AMENDMENT NO. 1 TO TD BANKNORTH INC. 1996 EQUITY INCENTIVE PLAN

EX-10.1 2 w06993exv10w1.htm EXHIBIT 10.1 exv10w1
 

EXHIBIT 10.1

AMENDMENT NO. 1 TO
TD BANKNORTH INC.
1996 EQUITY INCENTIVE PLAN

     THIS AMENDMENT NO. 1 (this “Amendment”) to the TD Banknorth Inc. 1996 Equity Incentive Plan, as amended as of October 22, 2002 (the “1996 Plan”) is made and entered into effective as of March 22, 2005 by TD Banknorth Inc. (the “Company”).

RECITALS:

     A. The Company is the successor to Banknorth Group, Inc. and is currently a majority-owned subsidiary of The Toronto-Dominion Bank (“TD”).

     B. The Company desires to revise the definition of “Change in Control” contained in Section 2 of the Plan to be consistent with the definition to be used in the amended and restated 2003 Equity Incentive Plan, which revised definition is consistent with recently-enacted Section 409A of the Internal Revenue Code of 1986, as amended (the “Code”).

     C. The Company desires to amend the Plan to reflect the Company’s new name.

     NOW, THEREFORE, in consideration of the foregoing, the Company hereby amends the Plan as follows:

     1. All references in the Plan to “Banknorth Group, Inc.” are hereby changed to “TD Banknorth Inc.”

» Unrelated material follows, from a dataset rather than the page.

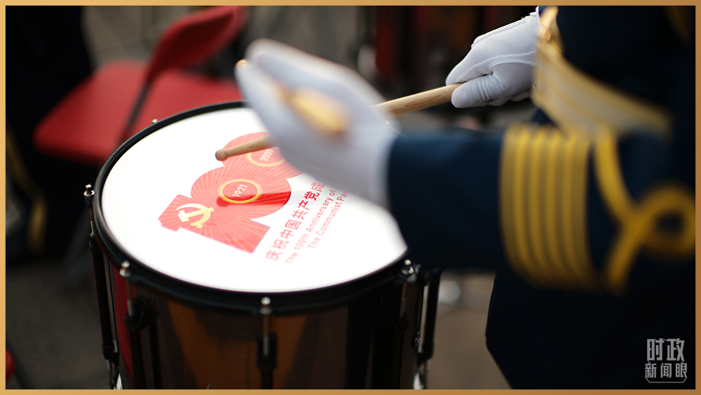 鼓面上帶有建黨百年慶祝活動(dòng)標(biāo)識(shí)(總臺(tái)央視記者彭漢明拍攝)

     2. The definition of “Change in Control” contained in Section 2 of the Plan is hereby amended and restated in its entirety to read as follows:

     “Change in Control” shall mean a change in the ownership of The Toronto-Dominion Bank (“TD”) or the Company, a change in the effective control of TD or the Company or a change in the ownership of a substantial portion of the assets of TD or the Company as provided under Section 409A of the Code, as amended from time to time, and any Internal Revenue Service guidance, including Notice 2005-1, and regulations issued in connection with Section 409A of the Code, except that (i) any change in the ownership, effective control or ownership of a substantial portion of the assets of the Company effected by TD and its affiliates shall be excluded, and (2) any change in the ownership, effective control or ownership of a substantial portion of the assets of TD shall be excluded if TD and its affiliates are not a majority shareholder of the Company at the time of such change.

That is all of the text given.